● **Your objective**
The data should be transcribed in its entirety, word for word.

(Recorded data)

=== Section Start ===

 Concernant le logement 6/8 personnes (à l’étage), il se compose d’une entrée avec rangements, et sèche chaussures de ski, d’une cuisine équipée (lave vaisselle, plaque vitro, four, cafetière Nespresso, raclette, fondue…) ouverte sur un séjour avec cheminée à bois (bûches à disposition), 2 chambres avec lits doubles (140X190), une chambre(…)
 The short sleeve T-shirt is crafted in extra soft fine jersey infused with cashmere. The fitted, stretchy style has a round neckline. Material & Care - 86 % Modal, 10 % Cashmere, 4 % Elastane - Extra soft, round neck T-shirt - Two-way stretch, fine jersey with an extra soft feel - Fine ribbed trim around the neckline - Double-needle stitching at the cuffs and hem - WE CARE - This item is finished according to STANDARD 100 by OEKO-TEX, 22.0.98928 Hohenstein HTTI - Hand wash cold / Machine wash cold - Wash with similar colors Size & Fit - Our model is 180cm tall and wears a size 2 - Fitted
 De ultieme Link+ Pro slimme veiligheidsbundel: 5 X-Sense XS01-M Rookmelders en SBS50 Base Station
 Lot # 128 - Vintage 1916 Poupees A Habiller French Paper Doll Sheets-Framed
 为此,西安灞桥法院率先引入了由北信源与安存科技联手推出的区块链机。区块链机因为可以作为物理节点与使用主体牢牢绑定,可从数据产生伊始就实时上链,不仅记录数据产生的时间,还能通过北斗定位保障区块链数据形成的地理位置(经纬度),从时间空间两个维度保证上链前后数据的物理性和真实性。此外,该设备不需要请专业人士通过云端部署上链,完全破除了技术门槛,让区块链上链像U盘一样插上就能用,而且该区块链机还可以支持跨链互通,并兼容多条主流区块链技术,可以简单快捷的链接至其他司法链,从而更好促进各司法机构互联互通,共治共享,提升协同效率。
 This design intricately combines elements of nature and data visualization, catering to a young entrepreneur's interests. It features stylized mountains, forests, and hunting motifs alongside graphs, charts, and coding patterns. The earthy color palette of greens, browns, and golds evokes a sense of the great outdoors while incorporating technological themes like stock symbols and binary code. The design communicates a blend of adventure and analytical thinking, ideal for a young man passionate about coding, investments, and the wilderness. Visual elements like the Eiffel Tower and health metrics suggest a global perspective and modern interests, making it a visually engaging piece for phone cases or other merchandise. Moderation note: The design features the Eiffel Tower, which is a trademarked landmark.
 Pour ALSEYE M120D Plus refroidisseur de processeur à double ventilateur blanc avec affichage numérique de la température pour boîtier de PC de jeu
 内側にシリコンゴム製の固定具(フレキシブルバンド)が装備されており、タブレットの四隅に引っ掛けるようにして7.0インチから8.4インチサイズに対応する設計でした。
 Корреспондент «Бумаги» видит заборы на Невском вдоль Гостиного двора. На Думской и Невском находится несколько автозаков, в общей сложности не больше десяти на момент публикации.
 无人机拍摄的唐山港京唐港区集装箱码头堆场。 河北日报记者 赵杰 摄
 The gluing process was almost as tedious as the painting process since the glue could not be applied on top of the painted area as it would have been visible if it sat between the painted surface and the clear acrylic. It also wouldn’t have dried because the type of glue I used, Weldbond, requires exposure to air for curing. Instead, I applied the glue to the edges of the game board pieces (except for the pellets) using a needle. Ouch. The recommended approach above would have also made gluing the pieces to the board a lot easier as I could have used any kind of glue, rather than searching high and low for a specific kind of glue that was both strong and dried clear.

=== Section End ===

● **Solution to this exercise**
 Concernant le logement 6/8 personnes (à l’étage), il se compose d’une entrée avec rangements, et sèche chaussures de ski, d’une cuisine équipée (lave vaisselle, plaque vitro, four, cafetière Nespresso, raclette, fondue…) ouverte sur un séjour avec cheminée à bois (bûches à disposition), 2 chambres avec lits doubles (140X190), une chambre(…)
 The short sleeve T-shirt is crafted in extra soft fine jersey infused with cashmere. The fitted, stretchy style has a round neckline. Material & Care - 86 % Modal, 10 % Cashmere, 4 % Elastane - Extra soft, round neck T-shirt - Two-way stretch, fine jersey with an extra soft feel - Fine ribbed trim around the neckline - Double-needle stitching at the cuffs and hem - WE CARE - This item is finished according to STANDARD 100 by OEKO-TEX, 22.0.98928 Hohenstein HTTI - Hand wash cold / Machine wash cold - Wash with similar colors Size & Fit - Our model is 180cm tall and wears a size 2 - Fitted
 De ultieme Link+ Pro slimme veiligheidsbundel: 5 X-Sense XS01-M Rookmelders en SBS50 Base Station
 Lot # 128 - Vintage 1916 Poupees A Habiller French Paper Doll Sheets-Framed
 为此,西安灞桥法院率先引入了由北信源与安存科技联手推出的区块链机。区块链机因为可以作为物理节点与使用主体牢牢绑定,可从数据产生伊始就实时上链,不仅记录数据产生的时间,还能通过北斗定位保障区块链数据形成的地理位置(经纬度),从时间空间两个维度保证上链前后数据的物理性和真实性。此外,该设备不需要请专业人士通过云端部署上链,完全破除了技术门槛,让区块链上链像U盘一样插上就能用,而且该区块链机还可以支持跨链互通,并兼容多条主流区块链技术,可以简单快捷的链接至其他司法链,从而更好促进各司法机构互联互通,共治共享,提升协同效率。
 This design intricately combines elements of nature and data visualization, catering to a young entrepreneur's interests. It features stylized mountains, forests, and hunting motifs alongside graphs, charts, and coding patterns. The earthy color palette of greens, browns, and golds evokes a sense of the great outdoors while incorporating technological themes like stock symbols and binary code. The design communicates a blend of adventure and analytical thinking, ideal for a young man passionate about coding, investments, and the wilderness. Visual elements like the Eiffel Tower and health metrics suggest a global perspective and modern interests, making it a visually engaging piece for phone cases or other merchandise. Moderation note: The design features the Eiffel Tower, which is a trademarked landmark.
 Pour ALSEYE M120D Plus refroidisseur de processeur à double ventilateur blanc avec affichage numérique de la température pour boîtier de PC de jeu
 内側にシリコンゴム製の固定具(フレキシブルバンド)が装備されており、タブレットの四隅に引っ掛けるようにして7.0インチから8.4インチサイズに対応する設計でした。
 Корреспондент «Бумаги» видит заборы на Невском вдоль Гостиного двора. На Думской и Невском находится несколько автозаков, в общей сложности не больше десяти на момент публикации.
 无人机拍摄的唐山港京唐港区集装箱码头堆场。 河北日报记者 赵杰 摄
 The gluing process was almost as tedious as the painting process since the glue could not be applied on top of the painted area as it would have been visible if it sat between the painted surface and the clear acrylic. It also wouldn’t have dried because the type of glue I used, Weldbond, requires exposure to air for curing. Instead, I applied the glue to the edges of the game board pieces (except for the pellets) using a needle. Ouch. The recommended approach above would have also made gluing the pieces to the board a lot easier as I could have used any kind of glue, rather than searching high and low for a specific kind of glue that was both strong and dried clear.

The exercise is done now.